Kytösaho, who has lived in South Africa for over 10 years, is director of the Western Cape Cheetah Conservation, which rescues and rehabilitates cheetahs in the country.
“I am not afraid of them. I see the cheetahs as my friends,” she said. “We have respect and trust for each other, and I do not push them to be with me, but wait for them to come to me. I respect them as a species, but also as individuals. They can feel that and respect me back.
“So far, seven cheetahs have been successfully reintroduced into natural areas. Cape Cheetah has rescued over 18 cheetahs from different bad situations, some caused by human hand,” said Kytösaho, who has worked with 40 cheetahs in her career.

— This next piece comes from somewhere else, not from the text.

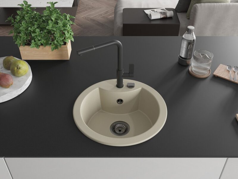 Technické dáta: Drez: Rozmer: 488x488x167 mm Hĺbka komory: 157 mm Šírka komory: 406 mm Priemer odtoku: ø90 mm Typ: 1-komorový Typ: Zapustené do pracovnej dosky Farba béžová Povrchová úprava sifónu: čierna Materiál: žula (80% žulové kamenivo 20% živice) Prepadový otvor: Áno Otvory: (batérie, automat) 2 Vysoká odolnosť proti poškriabaniu a zmene farby Odolnosť proti tepelným šokom Povrch pre ľahké čistenie Jeden dodatočný vyfrézovaný otvor na samodierovanie ø35 Kuchynská batéria: Materiál: mosadz Čierna farba Hlava: Keramická Perlátor: Áno Typ: Jednopákové Rozsah výtoku: 245 mm Výška batérie: 307 mm(GT) Ean: 5905315060594

“Cheetahs are the fastest land-living mammal, reaching speeds up to 74 mph,” she said. “They are built for speed in every way with nonretractable claws for good grip, huge nostrils to inhale a lot of oxygen while running, aerodynamic body structure, light bones, small head and tail as a rudder for balance.”

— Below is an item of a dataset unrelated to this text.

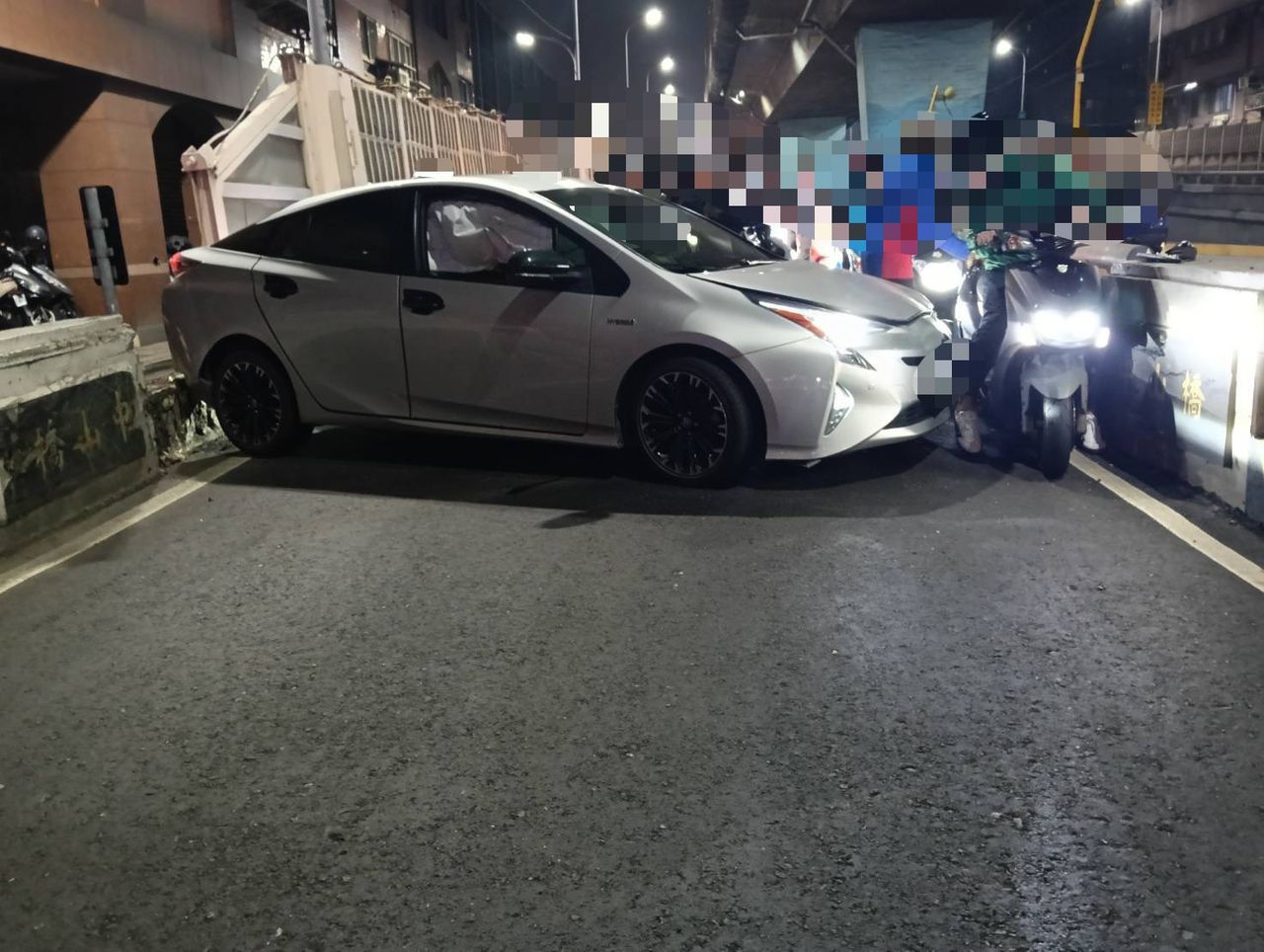 【記者江孟謙/新北報導】新北市三重區中山橋下匝道往中華路方向,今天(16日)晚間7時許發生小客車自撞車禍,整台車將車道堵住,所幸無人受傷,詳細肇事原因尚待釐清中。

Several videos include images of the big cats showing how rough and dangerous they can be. But Kytösaho is confident she will not be attacked.

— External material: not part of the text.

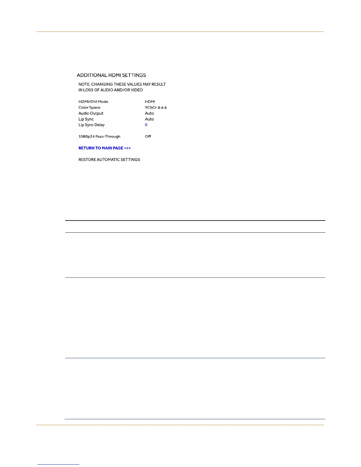 Additional HDMI Settings The Additional HDMI Settings option is available whenever an HDMI

In one video posted online, she is seen training cheetahs to run after an object being dragged at high speed down the road. The object is attached to a line, and the powerful cats quickly claim the prize.
“We have 14 cheetahs in total, and we don’t have any that are young right now. All the cheetahs seen in the images have grown up and live in the cheetah reserve,” she said.
“My focus work is rehabilitating and releasing cheetahs in South Africa.”
Kytösaho uses her online images to promote her work and to help raise money.
“I have loved animals for as long as I can remember. It is my passion to try to help each individual animal and work toward saving endangered species,” she said.